Start of Stored data
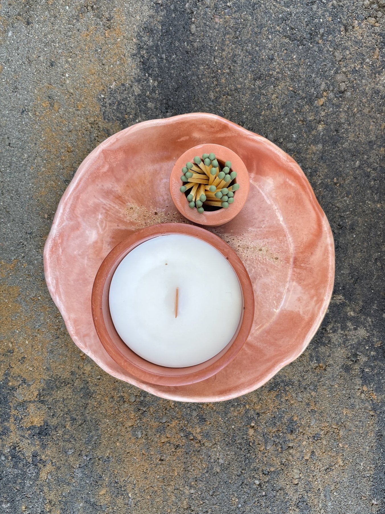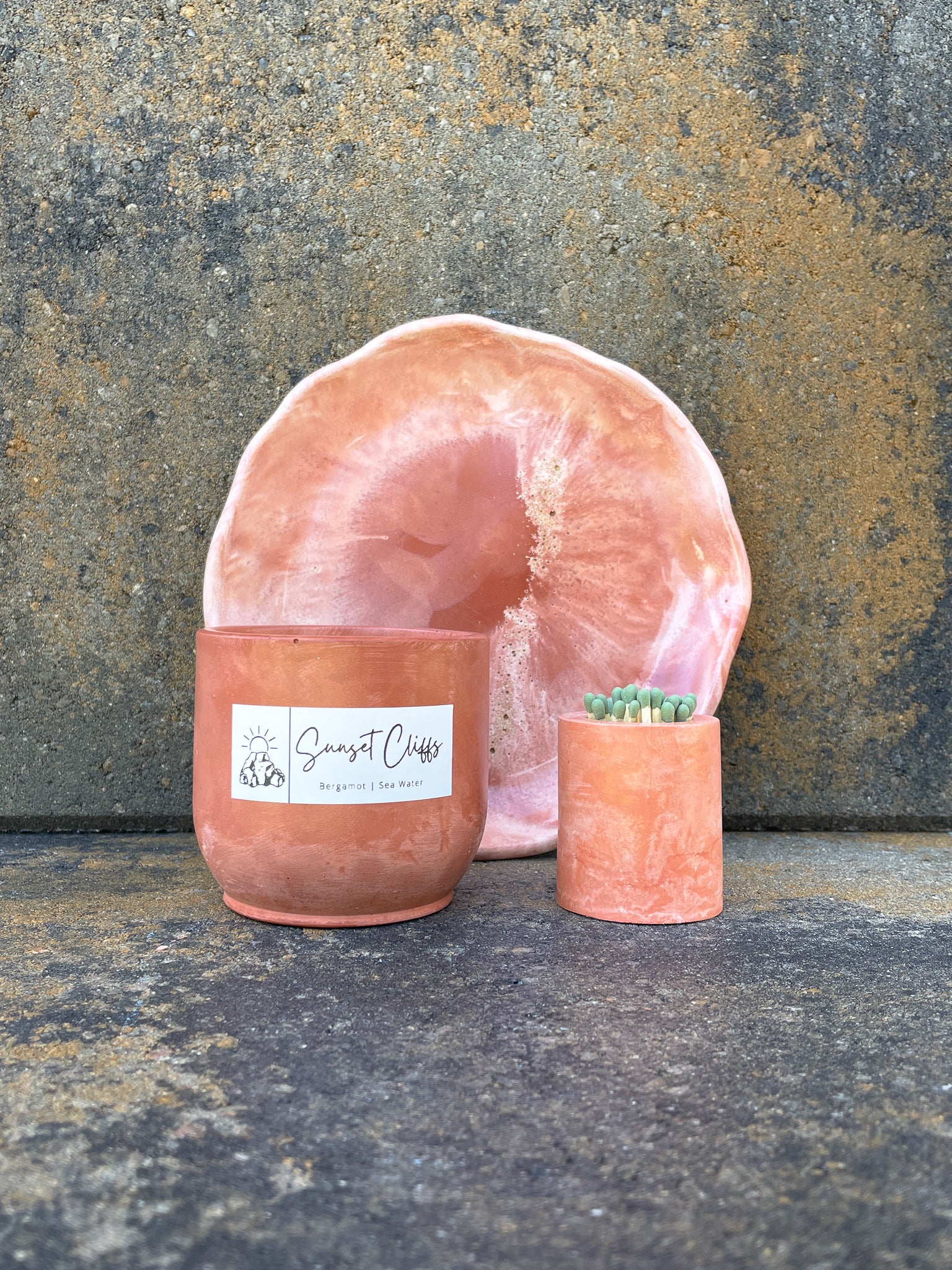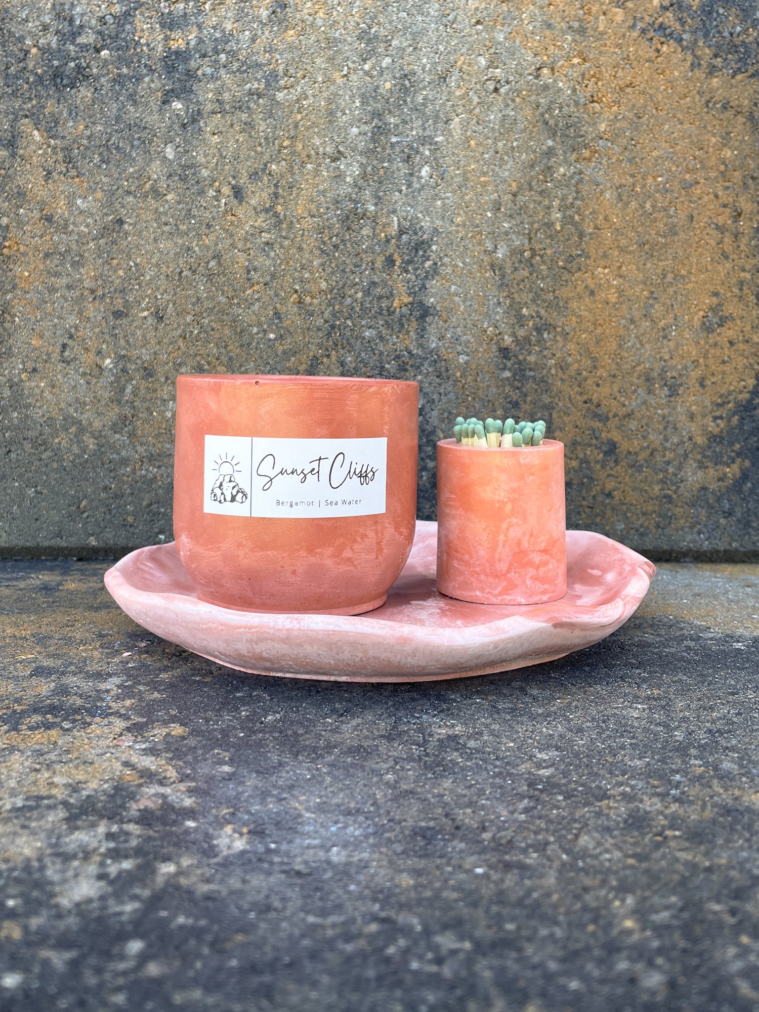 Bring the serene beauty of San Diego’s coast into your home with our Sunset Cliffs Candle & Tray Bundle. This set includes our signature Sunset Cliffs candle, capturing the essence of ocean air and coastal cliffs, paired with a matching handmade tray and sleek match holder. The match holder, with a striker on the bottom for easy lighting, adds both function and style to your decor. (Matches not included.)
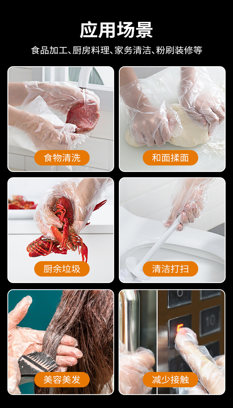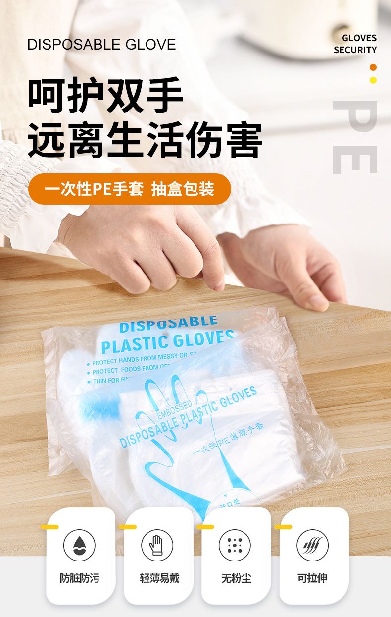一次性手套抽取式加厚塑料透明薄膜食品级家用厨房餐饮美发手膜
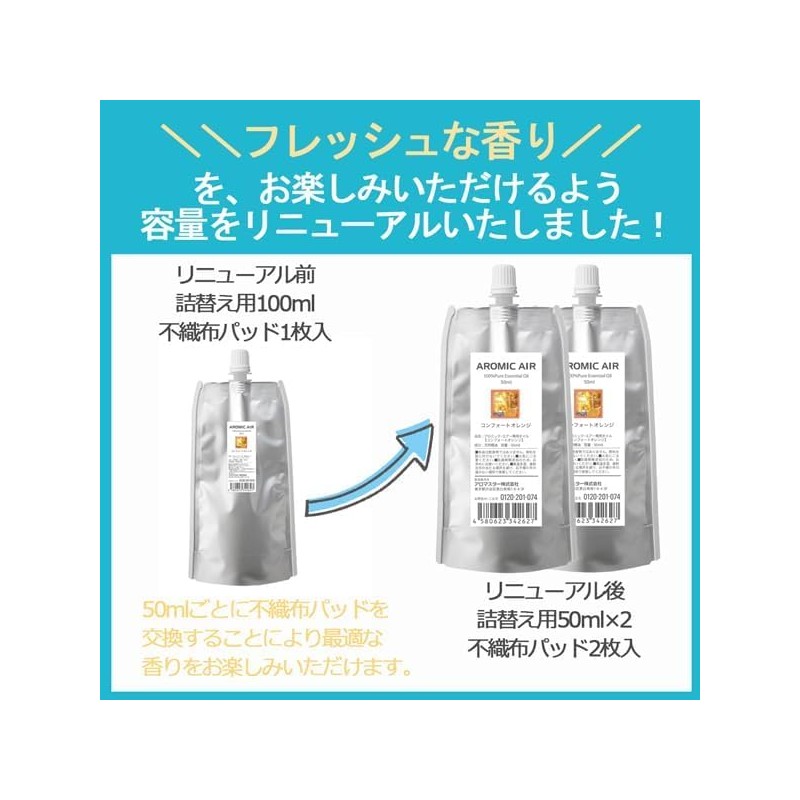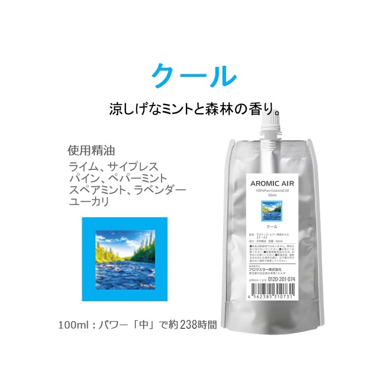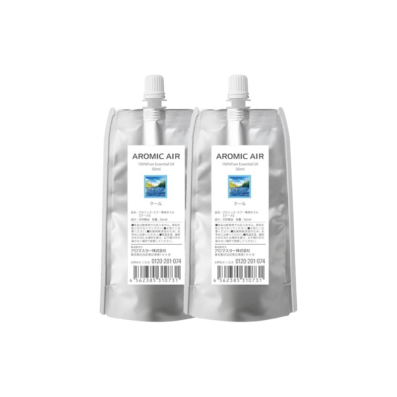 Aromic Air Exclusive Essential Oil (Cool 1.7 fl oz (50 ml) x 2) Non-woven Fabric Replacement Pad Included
End of Stored data
What is required:
Please give again only those lines that run from the one containing "一次性手套抽取式加厚塑料透明薄膜食品级家用厨房餐饮美发手膜" through the final line of the listing, both included, exactly as written and without pictures.

Solved exercise:
一次性手套抽取式加厚塑料透明薄膜食品级家用厨房餐饮美发手膜
 Aromic Air Exclusive Essential Oil (Cool 1.7 fl oz (50 ml) x 2) Non-woven Fabric Replacement Pad Included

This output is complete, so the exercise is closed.